この事業について

 

血管ナノ医療の実現に向けて

  • コンパニオン診断に基づく血管を標的とするがん個別化医療の実現
  • メタボリック症候群を根治する革新的ナノ医療の実現
  • 脳転移・脳神経疾患を制御する血管脳関門突破技術の創生
  • 次世代研究者の育成

 

本事業の経緯

本プロジェクトは、2009年より北大初の部局横断プロジェクトとして、薬学研究院(未来創剤学研究室)と歯学研究科(血管生物学研究室)との連携による血管を標的とした革新的医薬分子送達法の確立を目指して始まりました。

当初5年限りのプロジェクト研究でありましたが、予想を超える研究成果と若手研究者の育成に成功し、2014年から第二期として継続する事となりました。2018年8月には、FDAが世界初となるsiRNAナノ医薬品ONPATTROTMを認可し、核酸ナノ医薬の時代が幕開けとなりました。

実用化を阻む「死の谷」を超えるために、北大独自のマイクロ流路技術を有する工学研究院(生物計測化学研究室)が新たに参画することとなり、血管を標的とするナノ医療の実用化を明確な目標として設定し、この2019年4月より「血管を標的とするナノ医療の実装 ~Personalized Nanomedicineの北大ブランド化~」が始まりました。

 

本事業の概要

医薬品開発の分野では、低分子医薬から抗体医薬へ、次世代医薬の核酸医薬へ、というパラダイムシフトが起きており、2018年のパティシランの認可により核酸医薬の扉が開いたと言えます。本取組は、血管の多様性の理解に基づいた診断薬と本学発の「MEND」を用いて血管を標的とする組織選択的な核酸ナノ医療を統合することで、がん、メタボリック症候群、脳転移・脳神経疾患に対応した個別化ナノ医療の実現を最終目標とし、日本発の革新的医薬の創出、医療イノベーションと人類の健康に貢献するものであります。

 

本事業の目的

本取組は平成21年度より開始した最先端異分野融合研究「血管を標的とする革新的医薬分子送達法の基盤技術の確立」、平成26年度から「血管を標的とするナノ医療の実用化」と継続して研究成果を積み重ねてきており、これまでの研究で、血管には正常と疾患における違いが存在し、疾患の悪性度・進行状況に応じて多様な分子を発現していることを見出すことができました。また、臓器別にも血管の多様性があり、組織選択的な血管を標的とする医薬分子送達システム「MEND(多機能性エンベロープ型ナノ構造体)」の開発に成功しています。

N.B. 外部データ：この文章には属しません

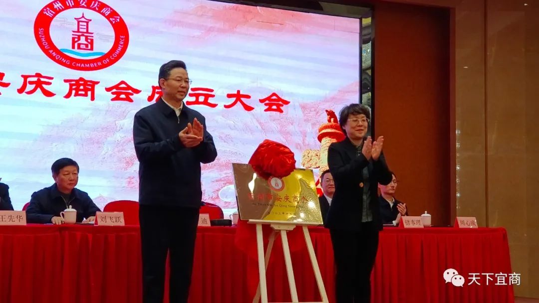 安庆、宿州两市领导为商会和商会党支部揭牌,并为商会会长、监事长、常务副会长、副会长、理事长单位授牌,安徽红杉生物医药科技有限公司董事长高仰哲当选第一届会长。

医薬品開発の分野においては、低分子医薬から抗体医薬へ、次世代医薬の核酸医薬へ、というパラダイムシフトが起きています。このような状況下、全身投与型 siRNA 医薬品のパティシランが核酸医薬として2018年8月に米国で認可されました。我々が開発してきた血管を標的とする「MEND」は、組織選択的に血管を認識し標的化することでアクティブに核酸医薬を作用部位へ送達するシステムであり、パティシランの性能を上回るものであります。

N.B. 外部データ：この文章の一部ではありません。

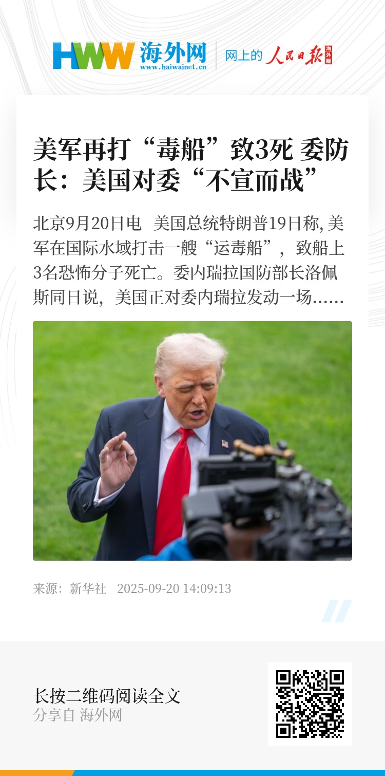 新华社北京9月20日电 美国总统特朗普19日称,美军在国际水域打击一艘“运毒船”,致船上3名恐怖分子死亡。委内瑞拉国防部长洛佩斯同日说,美国正对委内瑞拉发动一场“未经宣告的战争”。
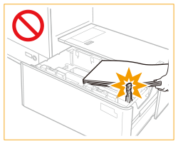 용지 데크 내부의 리프터는 자동으로 올라가고 내려갑니다. 용지를 적재할 때 손가락이 끼지 않도록 주의하십시오. 부상을 입을 수 있습니다. |

【血管を標的とするナノ構造体による組織選択的な医薬分子送達システム】

本取組では、血管の多様性の理解に基づいた診断薬と血管を標的とする組織選択的な核酸ナノ医療を統合するために、本学工学院で独自に開発されたマイクロ流路ナノテクノロジーと連携することで実用化を促進し、がん、メタボリック症候群、脳転移・脳神経疾患に対応した個別化ナノ医療の実現を最終目標としております。

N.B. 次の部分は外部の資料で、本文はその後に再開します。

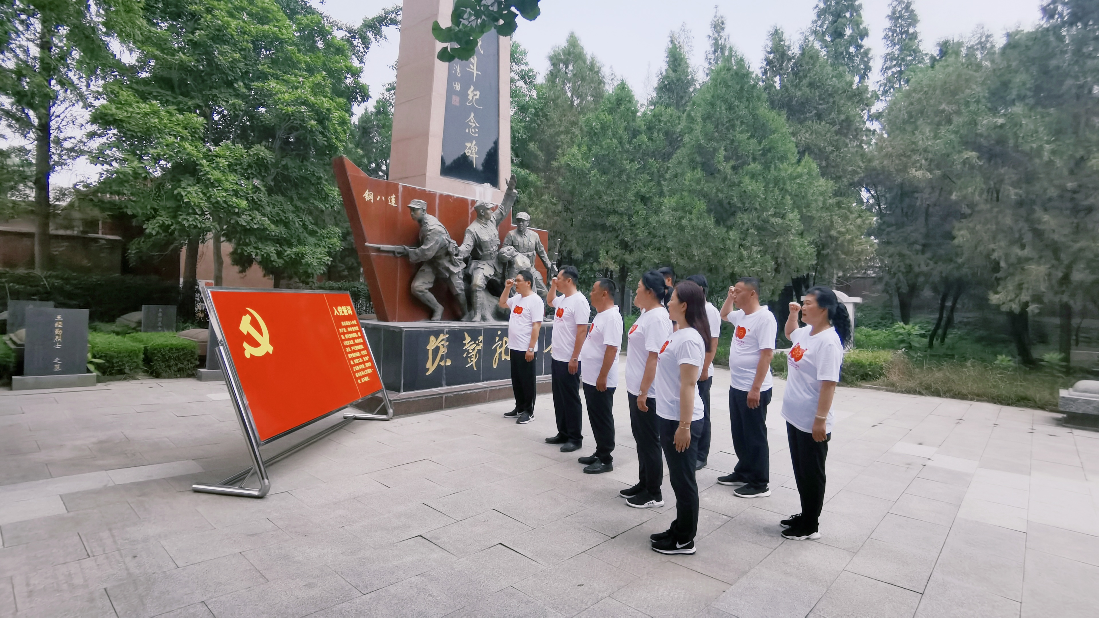 在中國共產(chǎn)黨成立100周年之際,以中國共產(chǎn)黨的根本宗旨“全心全意為人民服務(wù)”為重要指示,以馬克思列寧主義、毛澤東思想、鄧小平理論、“三個代表”重要思想、科學(xué)發(fā)展觀、習(xí)近平新時代中國特色社會主義思想為行動指南。全體黨員在革命先烈紀念碑前,握起右拳莊嚴的重溫了入黨誓詞。并對偉大的中國共產(chǎn)黨和偉大的祖國母親送上最真摯的祝福。

本取組により、本学発、日本発の革新的医薬を創出し、医療イノベーションと人類の健康に貢献する事を目指します。

 

本事業の組織

本事業は「薬学研究院」「歯学研究院」「工学研究院」をコアとして、北大病院、医学研究院、遺伝子病制御研究所、産学地域推進協働機構、北海道臨床開発機構と連携し、実用化を進めてまいります。